BEGIN

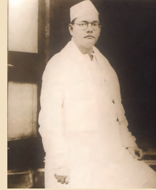
Fig. 15 – Subhas Chandra Bose

A radical nationalist, with socialist leanings, Bose did not share Gandhiji’s ideal of ahimsa , though he respected him as the “Father of the
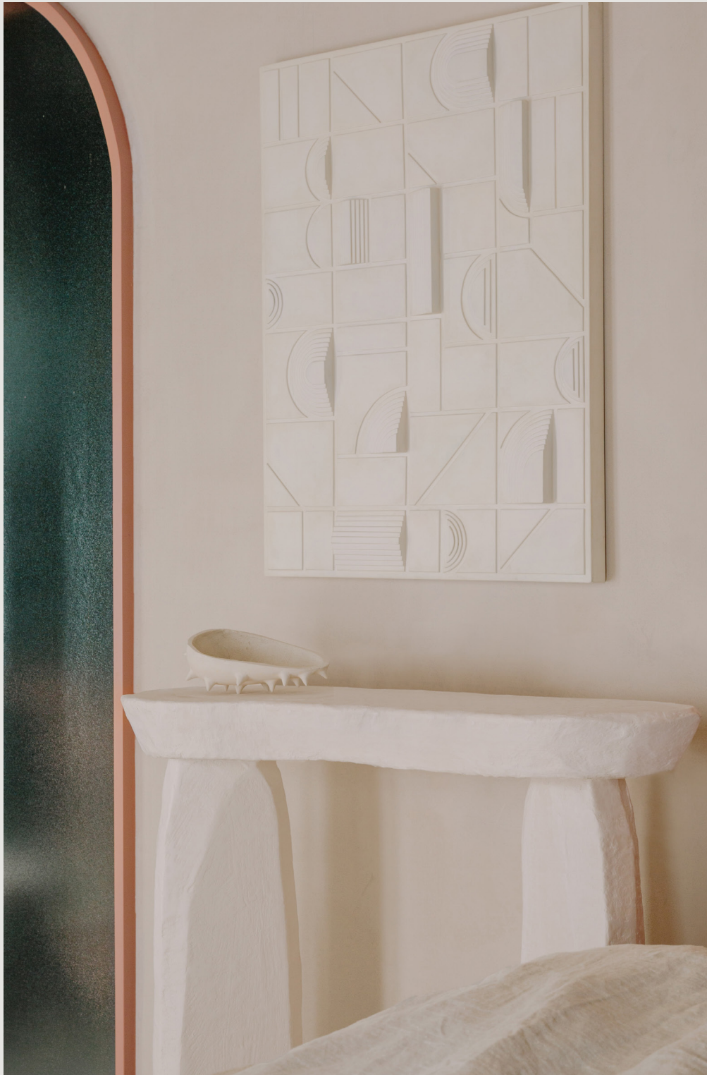
Console 2.0 ref.210502
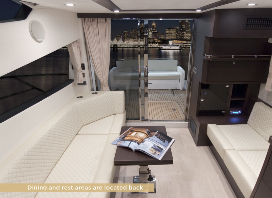
Dining and rest areas are located back
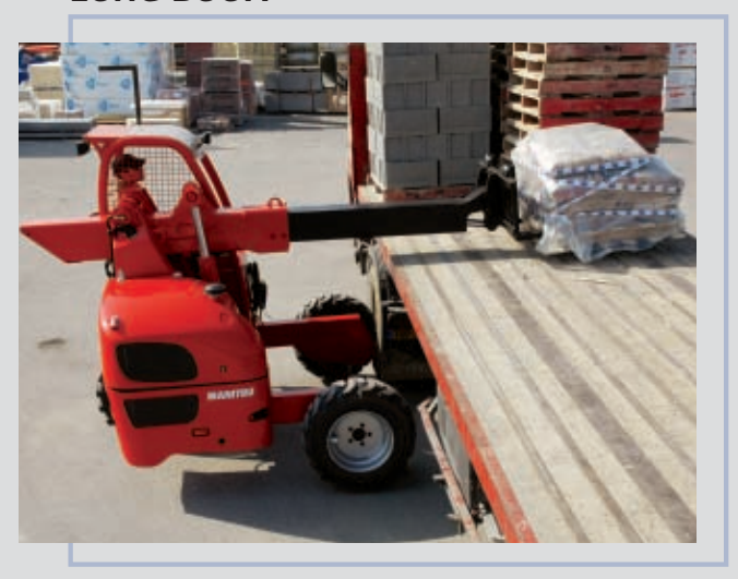
Enables you to offload your lorry from one side: less space required to operate & more time saving.
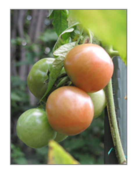
Better Boy Tomato fruit

END

Return all lines in the data that include the word "Bose".

* [Solution to this problem]:
Fig. 15 – Subhas Chandra Bose
A radical nationalist, with socialist leanings, Bose did not share Gandhiji’s ideal of ahimsa , though he respected him as the “Father of the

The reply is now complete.